DATA PROVIDED:
---

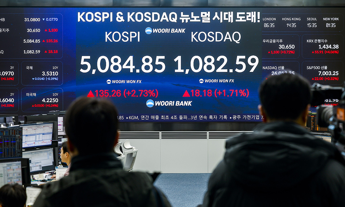 한국거래소에 따르면 코스피는 이날 전장보다 135.26포인트(2.73%) 오른 5084.85로 장을 마쳤다. 종가기준 첫 5000선 달성일 뿐 아니라 전날 기록한 장중 최고치(5023.76) 기록도 갈아치웠다.
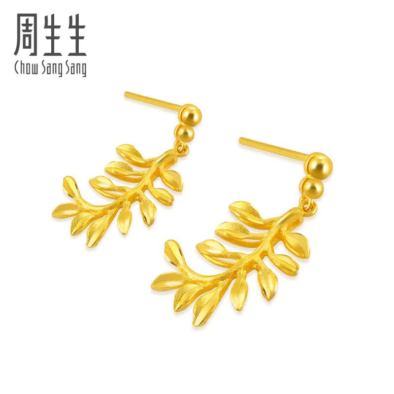 Chow Sang Sang gold earrings foot gold leaf earrings gold earrings earrings female wedding gift 68754E
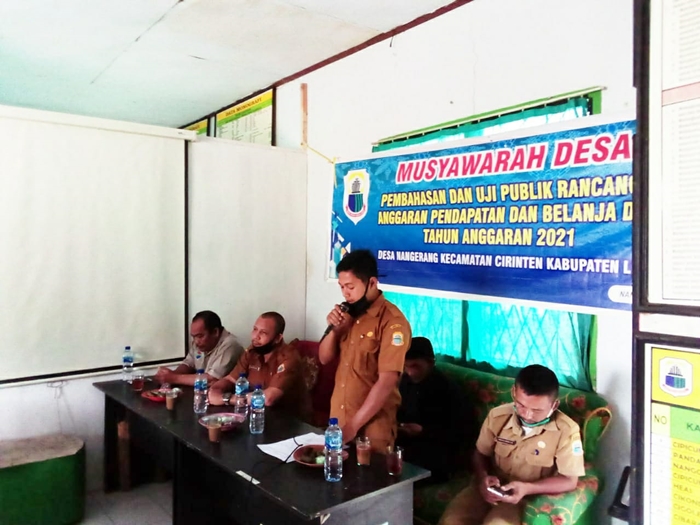 Siberindo.co – Pemerintah Desa Nangerang di akhir tahun 2020 membahas Musyawarah desa (Musdes) dengan pembahasan dan uji publik rancangan anggaran pendapatan dan belanja desa Tahun 2021. Acara berlangsung di Aula Kantor Desa Nangerang, Kecamatan Cirinten, Kabupaten Lebak, Senin (28/12/2020). Hadir dalam acara tersebut Pihak Kecamatan Cirinten, Tokoh Masyarakat, Lembaga Desa, RT/ RW, dan Para Kiyai Desa.
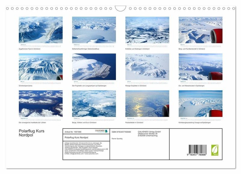 QUALITÄT - Hochwertiger Fotokalender mit 12 wunderschönen Motiven auf lichtbeständigem Bilderdruckpapier, robuste Spiralbindung mit Aufhängebügel.NACHHALTIG - deutliche Abfallreduzierung durch bedarfsgerechte Einzelstückfertigung, umweltfreundliches FSC-zertifiziertes Papier, Produktion in Deutschland, klimabewusste Logistik.PERFEKTES GESCHENK - Kalender für Freunde und Familie, für Kinder und Erwachsene, jung und alt, zu Weihnachten, Geburtstag oder zwischendurch.VIELFALT - Bildkalender in verschiedenen Formaten, z.B. DIN A5, DIN A4, DIN A3 sowie DIN A2. Ob Naturmotiv, Gemälde oder Fotos, ideal für ein persönliches Wohlfühlambiente.Flug Richtung Nordpol über ewiges Eis von Autor(in): Rainer Spoddig

---

TASK BRIEF: Please transcribe the whole listing above exactly, with the images left out.

YOUR SOLUTION:
 한국거래소에 따르면 코스피는 이날 전장보다 135.26포인트(2.73%) 오른 5084.85로 장을 마쳤다. 종가기준 첫 5000선 달성일 뿐 아니라 전날 기록한 장중 최고치(5023.76) 기록도 갈아치웠다.
 Chow Sang Sang gold earrings foot gold leaf earrings gold earrings earrings female wedding gift 68754E
 Siberindo.co – Pemerintah Desa Nangerang di akhir tahun 2020 membahas Musyawarah desa (Musdes) dengan pembahasan dan uji publik rancangan anggaran pendapatan dan belanja desa Tahun 2021. Acara berlangsung di Aula Kantor Desa Nangerang, Kecamatan Cirinten, Kabupaten Lebak, Senin (28/12/2020). Hadir dalam acara tersebut Pihak Kecamatan Cirinten, Tokoh Masyarakat, Lembaga Desa, RT/ RW, dan Para Kiyai Desa.
 QUALITÄT - Hochwertiger Fotokalender mit 12 wunderschönen Motiven auf lichtbeständigem Bilderdruckpapier, robuste Spiralbindung mit Aufhängebügel.NACHHALTIG - deutliche Abfallreduzierung durch bedarfsgerechte Einzelstückfertigung, umweltfreundliches FSC-zertifiziertes Papier, Produktion in Deutschland, klimabewusste Logistik.PERFEKTES GESCHENK - Kalender für Freunde und Familie, für Kinder und Erwachsene, jung und alt, zu Weihnachten, Geburtstag oder zwischendurch.VIELFALT - Bildkalender in verschiedenen Formaten, z.B. DIN A5, DIN A4, DIN A3 sowie DIN A2. Ob Naturmotiv, Gemälde oder Fotos, ideal für ein persönliches Wohlfühlambiente.Flug Richtung Nordpol über ewiges Eis von Autor(in): Rainer Spoddig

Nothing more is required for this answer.